Ken Lane

Kermit " Ken " Lane ( born December 20, 1912 in Brooklyn, New York, † November 23, 1996 in Lake Tahoe, California ) was an American musician and composer. His most successful composition is the song Everybody Loves Somebody, which was well known by the interpretation of Dean Martin in the 1960s. Lane worked for 25 years with Martin. In the show and television appearances he was a pianist and Stooges.

Career

Lane began his musical career as a vaudeville pianist on the East Coast. In the 1940s he led the Ken Lane Singers, a vocal ensemble, that worked with Frank Sinatra, Frances Langford and Dinah Shore. After the Second World War, Lane moved to Los Angeles. At the beginning of the 1950s he worked for Paramount Studios as speech and singing teacher; among his students in the early 1950s, also Dean Martin and Jerry Lewis.

Lanes musical collaboration with Dean Martin began in the spring of 1957. Replaced Lane Dick Stabile, whose orchestra Martin had accompanied for half a decade at performances and studio recordings. Lane served as Martin's pianist, with many appearances he conducted the orchestra. Lane was Martins Stooges and took many cases the role of the "Straight Man", so Martin's demeanor well opponent. The cooperation also existed at the Dean Martin Show, a 1965-1974 television series broadcast on NBC. Lane was a musical advisor here. In each episode of the show, he played the piano accompaniment for a song.

Parallel to his involvement with Martin composed Lane until the 1970s in film music for cinema and TV films.

Everybody Loves Somebody

Lanes greatest success as a composer is the hit Everybody Loves Somebody. He wrote the song in 1947 together with Irving Taylor for Frank Sinatra, who took over the copyright. Sinatra played a song 1948. In the same year she sang Dean Martin Bob Hope radio show; a recording session took place at that time but not yet. At the beginning of the 1950s was followed by versions by Peggy Lee and Dinah Washington; but none of them reached chart positions.

In April 1964, Martin worked on the completion of his album Dream With Dean, the fifth studio album for Reprise Records. After eleven songs were already recorded, struck Lane his Everybody Loves Somebody as a final number yet. At the request of Martin's wife Jeannie, it was taken as the twelfth song in the album. Martin played a recording on 16 April 1964, Lane played the piano. Published in May 1964 Reprise recording as a single, soon after the album was released.

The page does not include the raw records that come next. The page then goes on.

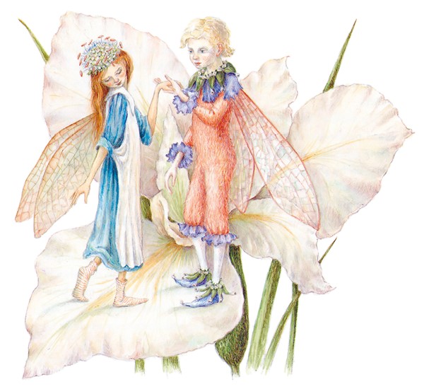 Внизу лежали большие куски мрамора это свалилась верхушка одной колонны и разбилась на три куска, между ними росли чудеснейшие крупные белые цветы. Ласточка спустилась и посадила девочку на один из широких лепестков. Но вот диво! В самой чашечке цветка сидел маленький человечек, беленький и прозрачный, точно хрустальный. На голове у него сияла прелестная золотая корона, за плечами развевались блестящие крылышки, а сам он был не больше Дюймовочки.
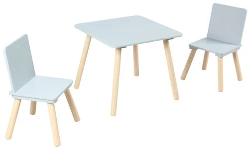 סט ישיבה הכולל שולחן פעילות ושני כיסאות מעץ
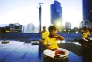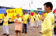 pratiquants de Singapoure chantent "Falun Dafa Hao". |
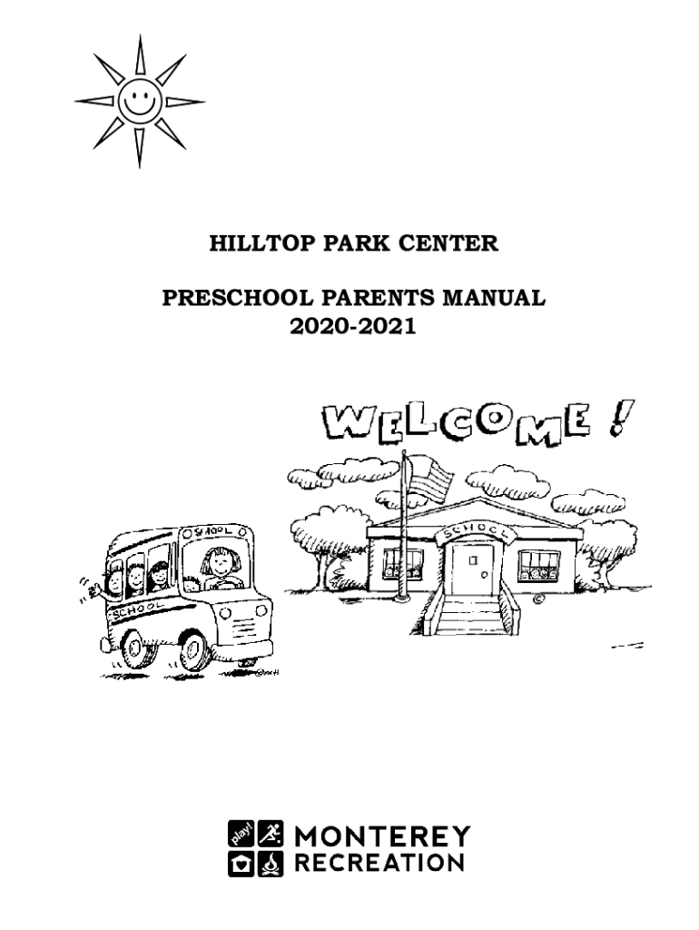 HILLTOP PARK CENTER PRESCHOOL PARENTS MANUAL 20202021Dear Parents, Welcome to the City of Monterey Recreation Preschool Program! We are pleased to have your child enrolled in our program, and thank
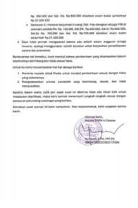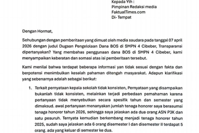Dalam surat somasi Bernomor 421.3/542/SMPN4Cbr/IV/2026, pihak sekolah menilai pemberitaan yang telah diterbitkan belum sepenuhnya berimbang dan tidak sesui serta dapat menyesatkan. Mereka juga meminta adanya perbaikan atau ralat terhadap isi berita.
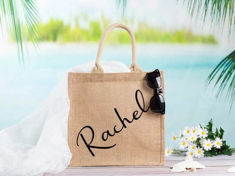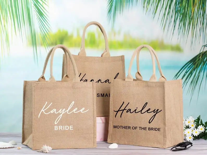 Get this custom burlap tote bag for the bride and bridesmaids. Perfect for weddings or beach trips. Personalize it with your choice of text. A thoughtful gift idea.
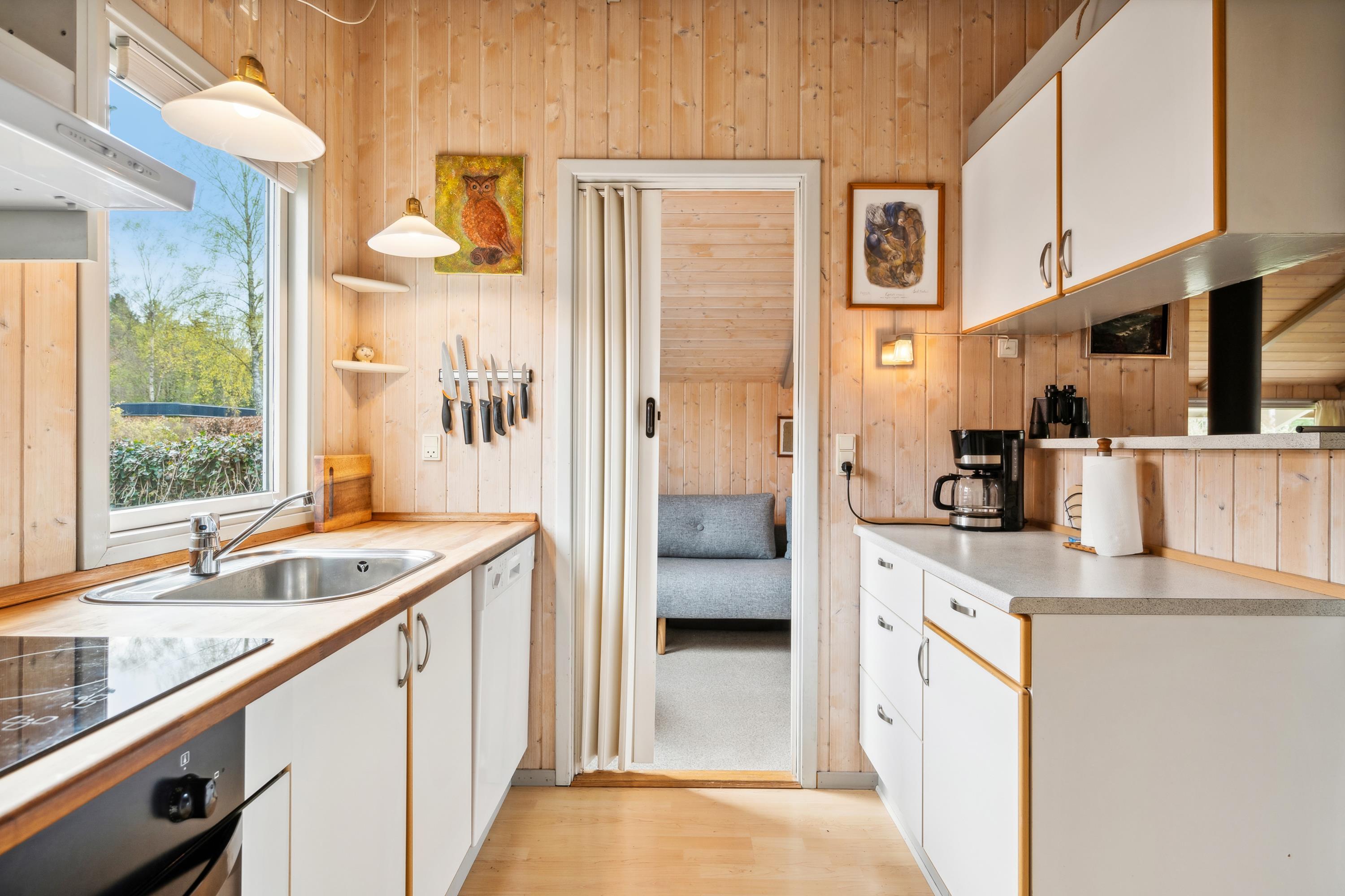 Ikke langt fra Ebeltoft finder man dette meget velholdte og hyggelige hus. Her finder man en virkelig hyggelig og velmøbleret stue, brændeovn og varmepumpe samt tv med både tyske og nordiske kanaler. Fra stuen er der udgang til en dejlig overdækket terrasse med havemøbler. God og velfungerende køkkenafdeling med b.la. opvaskemaskine. Husets sovepladser fordeler sig i to værelser, heraf et værelse med en dobbeltseng samt en værelse med en god dobbelt sovesofa. Dejligt badeværelse med bruseniche og gulvvarme. Huset er beliggende på en dejlig grund med flere terrassearealer. Der er en stor græsplæne, velegnet til leg og boldspil.
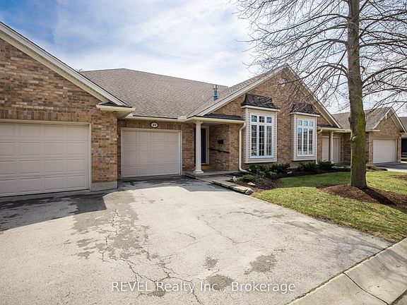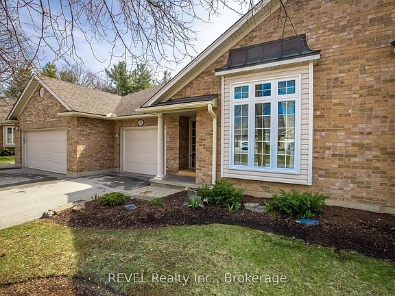 Welcome to this meticulously cared-for brick bungalow in Glen Brooke Estates, offering 1,360 sq ft of elegant main floor living in the heart of Niagara-on-the-Lake. The main level features a bright and spacious living room with cathedral ceilings and a cozy gas fireplace, a separate formal dining room, and a generous kitchen with Corian countertops, built-in dishwasher, and a charming dinette. Sliding doors lead from the dinette to a 20 x 12 wood deck, perfect for relaxing or entertaining. The primary bedroom boasts a walk-in closet and a private 4-piece ensuite. A second bedroom has been thoughtfully converted into a versatile den, study, or home office. There is also a convenient 2-piece bathroom off the dining room and main-floor laundry just off the kitchen. Direct access to the attached single-car garage adds ease and convenience. The finished lower level offers a large family room, a spacious guest bedroom, a 3-piece bathroom, and a substantial utility room with a new high-efficiency Lennox furnace and A/C. Additional features include a dedicated workshop, and storage area. Backing onto city-owned green space and a peaceful municipal reservoir fed by Four Mile Creek, this home combines natural beauty with low-maintenance living. Condo fees cover all exterior maintenance, lawn care, snow removal, building insurance, water costs, Bell Fibe Internet & TV. This well-maintained one-story townhome complex is highly sought-after in the vibrant community of Virgil.
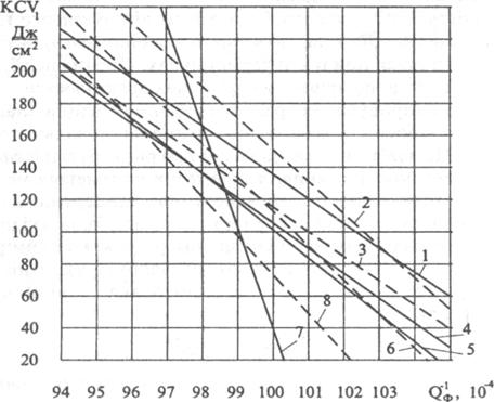чисельних значень стандартних параметрів, наприклад ударної в’язкості, використовують експериментально визначені залежності.
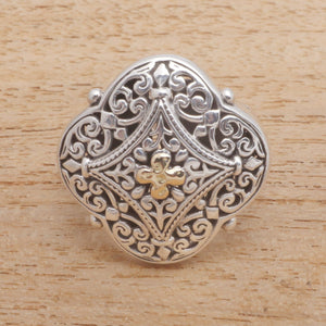 Gold Accented Sterling Silver Cocktail Ring from Bali - Queen's Pride
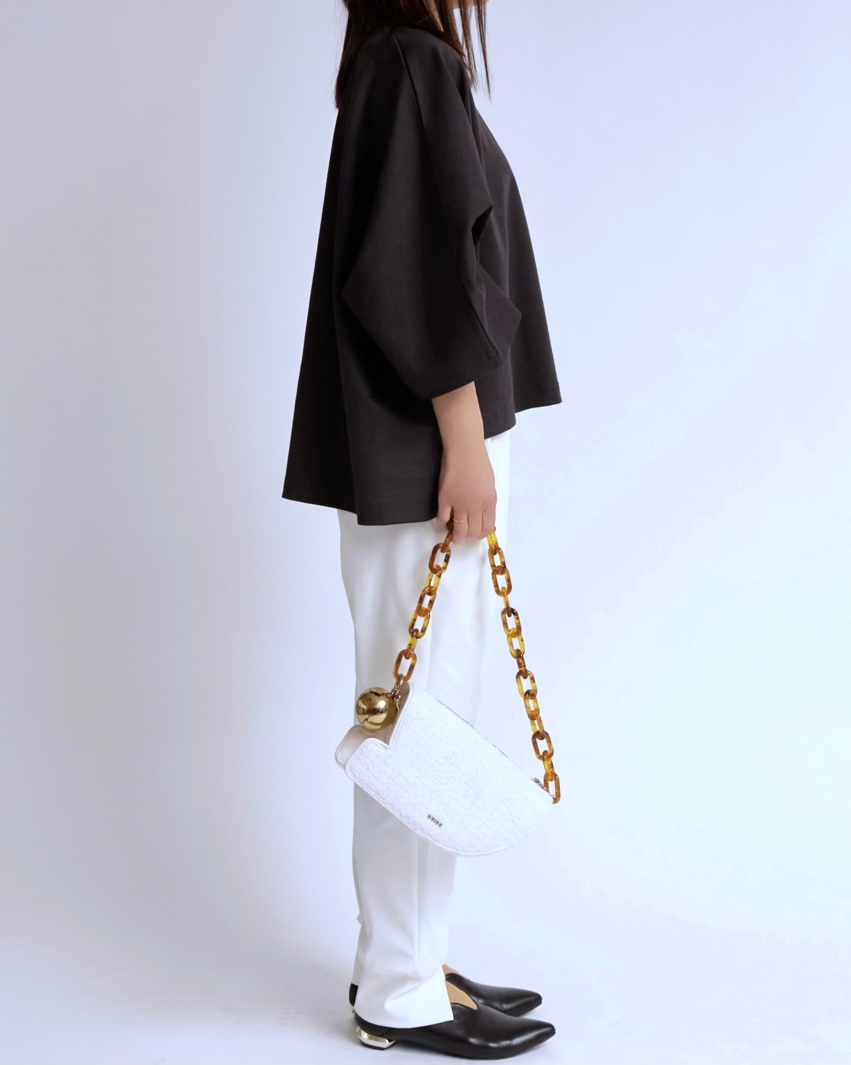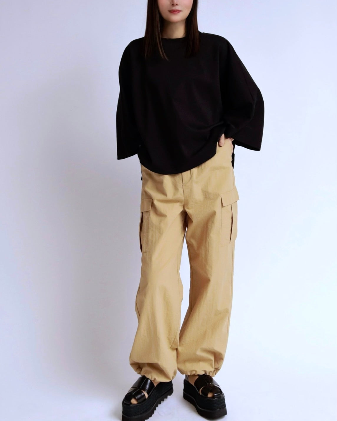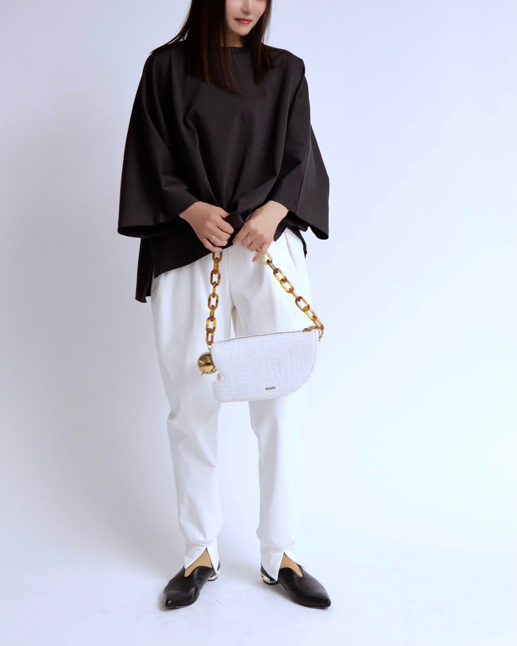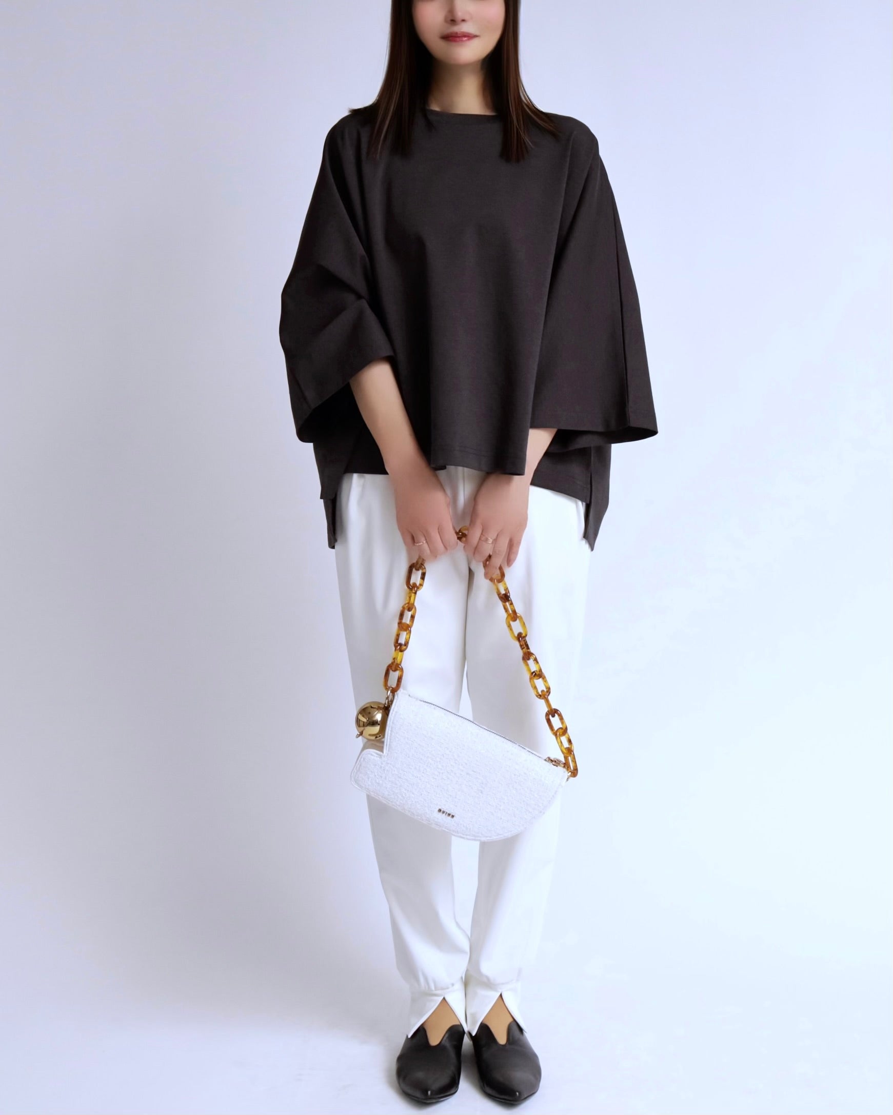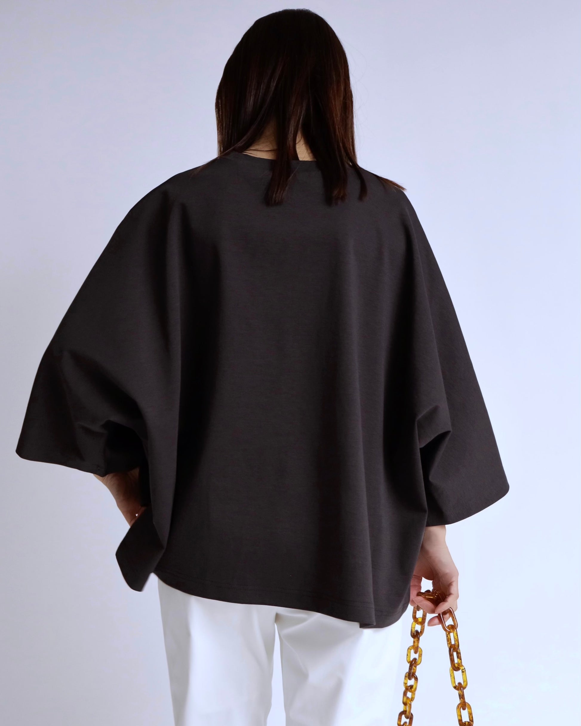 身体のラインを拾わない、ゆったりとしたドルマンスリーブが魅力のミニマルトップス。
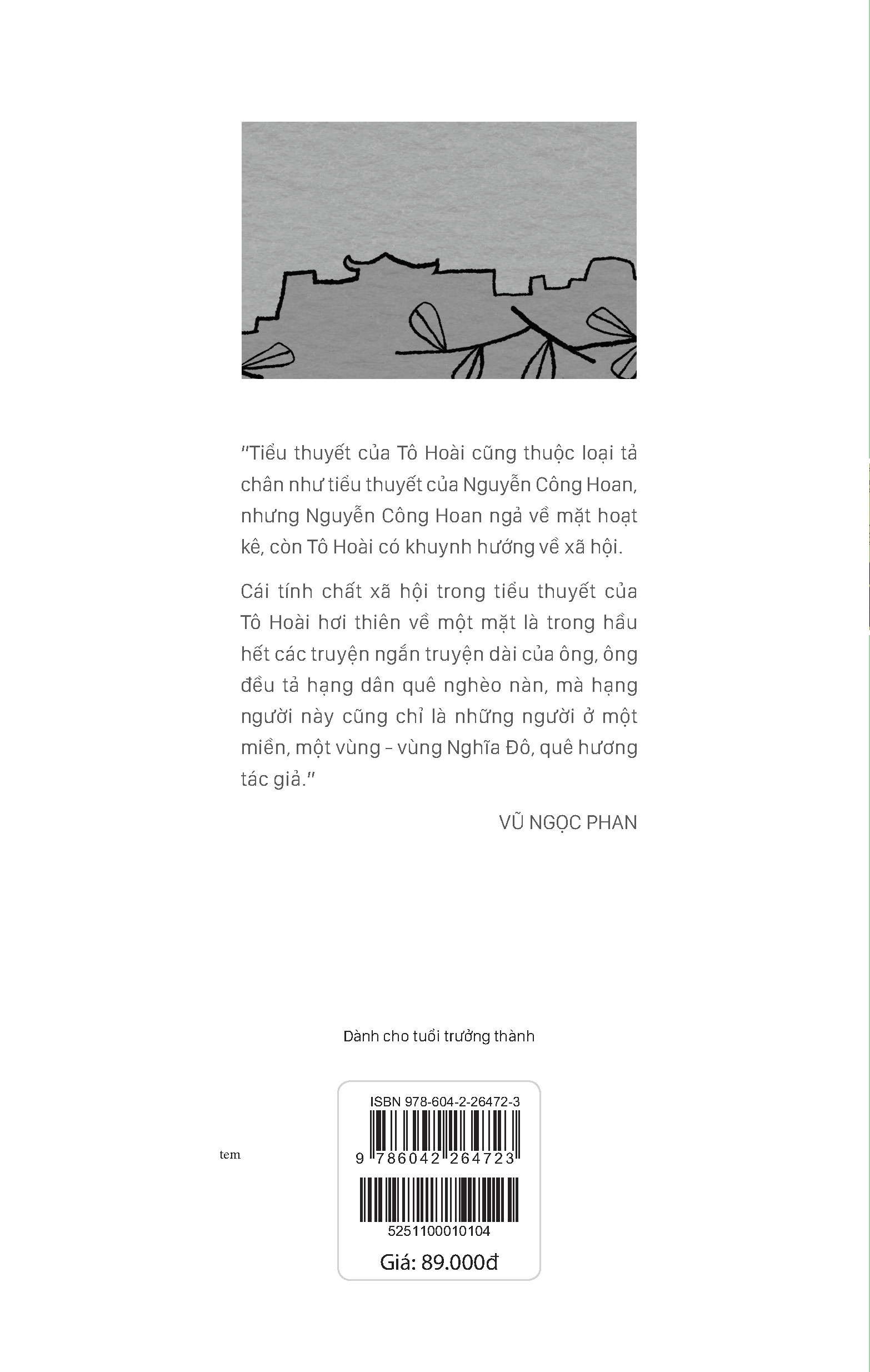Mua tại Tiktok“Tiểu thuyết của Tô Hoài cũng thuộc loại tả chân như tiểu thuyết của Nguyễn Công Hoan, nhưng Nguyễn Công Hoan ngả về mặt hoạt kê, còn Tô Hoài có khuynh hướng về xã hội. Cái tính chất xã hội trong tiểu thuyết của Tô Hoài hơi thiên về một mặt là trong hầu hết các truyện ngắn truyện dài của ông, ông đều tả hạng dân quê nghèo nàn, mà hạng người này cũng chỉ là những người ở một miền, một vùng - vùng Nghĩa Đô, quê hương tác giả.” - VŨ NGỌC PHAN

Dean Martin's version of Ken Lanes Everybody Loves Somebody was one of the most successful songs of the year 1964. It reached on August 15, 1964 number one on the Billboard Hot 100 singles chart. Martin, for whom it was the first Top 40 ranking since 1958, so the Beatles displaced from the top spot.

Everybody Loves Somebody was in the following years to Dean Martin's signature tune. In the first episode of the Dean Martin Show, which aired on 16 September 1965, as Martin sang the song, but it broke after a few lines with the remark: " When I sing the song ended, buy later possibly the disk is not ". In almost every stage show Martin played it on at least. As part of his act, he often mocked Drunk it. Thus, from the song line "If I had it in my power" often " If I had you in my shower".

Private life

Ken Lane had two children. His daughter, Robin Lane (born 1947) is a singer of the rock band Robin Lane and the Chartbusters, his son Christopher is not active in the music industry.

Lane sat down with Dean Martin, who had his last live appearance in 1991, to rest. He died just a year after Dean Martin in Lake Tahoe from emphysema.